Although the official guidelines only make notice of a small number of event types, the dataset contains 985 types. However, some quick calculations show that top 10 event types account for 89% of all registered events. The purpose of this analysis is to detect the most important event, therefore cleaning the last 10% does not seem to be necessary.

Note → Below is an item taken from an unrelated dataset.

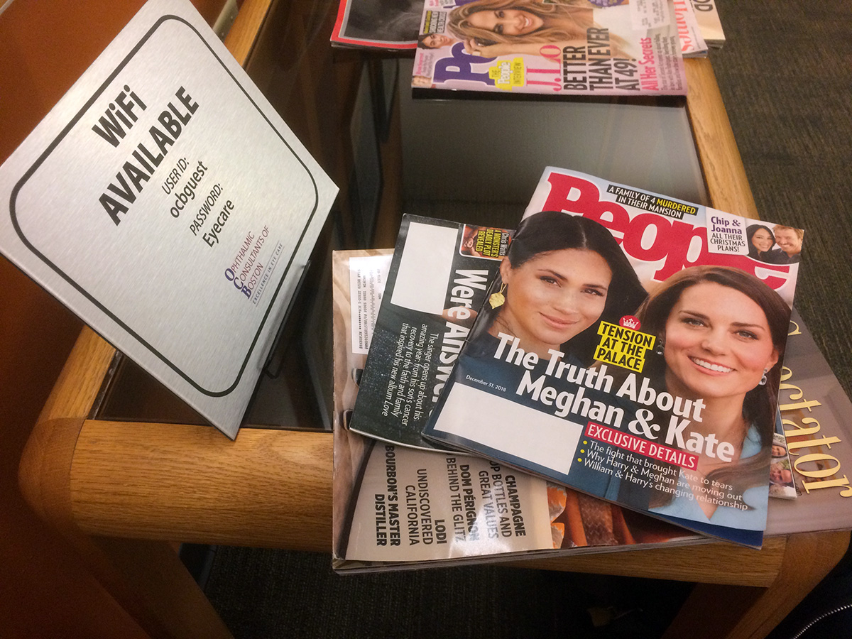 i then lingered in another waiting room, where soon enough i was called into the 2nd exam room with doctor hsu and another woman whom they never identified. the doctor took a quick look at my eyes with the machine and told me that basically my vision was the same as last year, and the only thing to do concerned about was my thin retinas, which could possibly tear in the future. there was nothing to do about it but monitor it, and if i noticed any sudden floating flashes of light, to call him immediately, because it meant my retina had teared and i'd need surgery to repair it. i was probably in the doctor's office no more than 5 minutes before i was set on my way, told not to come back until 1-2 years. they didn't even give me a prescription form, but i assume it'd probably the same as last time, which i still have.

evtype <- table(workset$EVTYPE)
evtype <- evtype[order(evtype, decreasing=T)]
evtype[1:10]
##
## HAIL TSTM WIND THUNDERSTORM WIND
## 288661 219940 82563
## TORNADO FLASH FLOOD FLOOD
## 60652 54277 25326
## THUNDERSTORM WINDS HIGH WIND LIGHTNING
## 20843 20212 15754
## HEAVY SNOW
## 15708
sum(evtype[1:10])/nrow(workset)
## [1] 0.8909882
# barplot(evtype[1:10], las=3, cex.names = 0.5)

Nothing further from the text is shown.